Recall that the SharedMap uses a last writer wins merge strategy. This means that if two users are editing the data at the same time, then the one who made the most recent change will overwrite the changes made by the other user.

Imagine that you are collaborating with a colleague, and you change the shape’s width while your colleague changes the shape’s height. This will generate two operations: a set operation for you, and another set operation for your colleague. Both operations will be sequenced by the Fluid service, but only one will ‘win,’ because the SharedMap’s merge behavior is LWW. Since we’re storing the shape as an object, both set operations set the whole object.

This results in someone’s changes being “lost” from a user’s perspective. This may be perfectly fine for your needs. However, if your scenario requires users to edit individual properties of the shape, then the SharedMap LWW merge strategy probably won’t give you the behavior you want.

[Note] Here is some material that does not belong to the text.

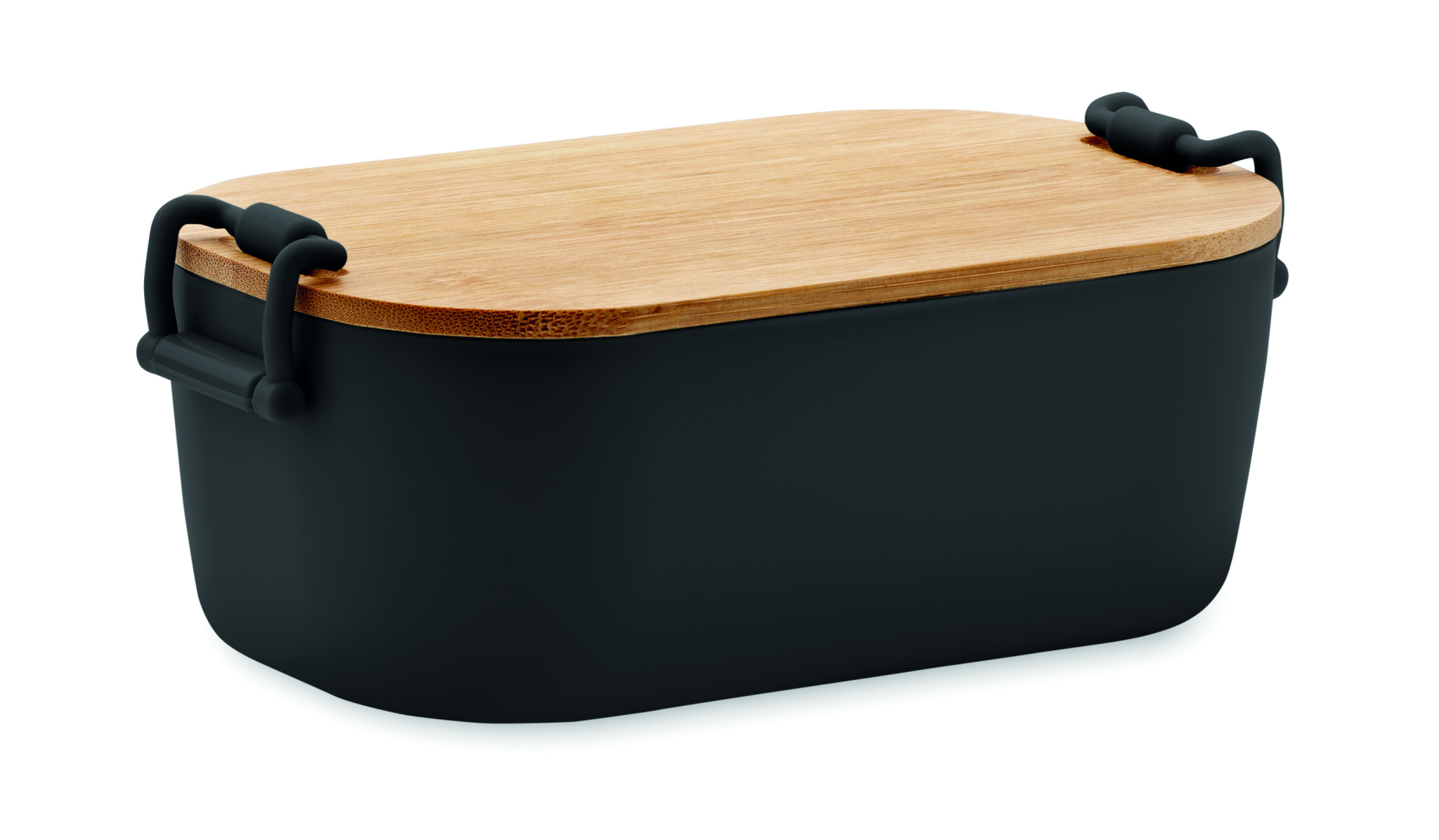 PP lunch box with 2 side clasp closures and bamboo lid. Capacity 700 ml.

However, you could address this problem by storing individual shape properties in SharedMap keys. Instead of storing a JSON object with all the data, you can break it apart and store the length in one SharedMap key, the width in another, etc. With this data model, users can change individual properties of the shape without overwriting other users’ changes.

You likely have more than one shape in your data model, so you could create a SharedMap to store all your shapes, then store the SharedMaps representing each shape within that SharedMap.

To learn more about how you use DDSes to create more complex Fluid objects, see the Encapsulating data with DataObject section.

Key-value data

These DDSes are used for storing key-value data. They are all optimistic and use a last-writer-wins merge policy.

SharedMap – a basic key-value distributed data structure.
SharedDirectory – a SharedMap with an API more suited to hierarchical data.
SharedCell – a “single-object SharedMap”; useful for wrapping objects.

Sequences

These DDSes are used for storing sequential data. They are all optimistic.

SharedNumberSequence – a distributed sequence of numbers.
SharedObjectSequence – a distributed sequence of objects.
SharedMatrix – a distributed data structure to efficiently use two-dimensional tabular data.

Specialized data structures

SharedCounter – a distributed counter.
SharedString – specialized data structure for handling collaborative text.
Ink – specialized daa structure for ink data.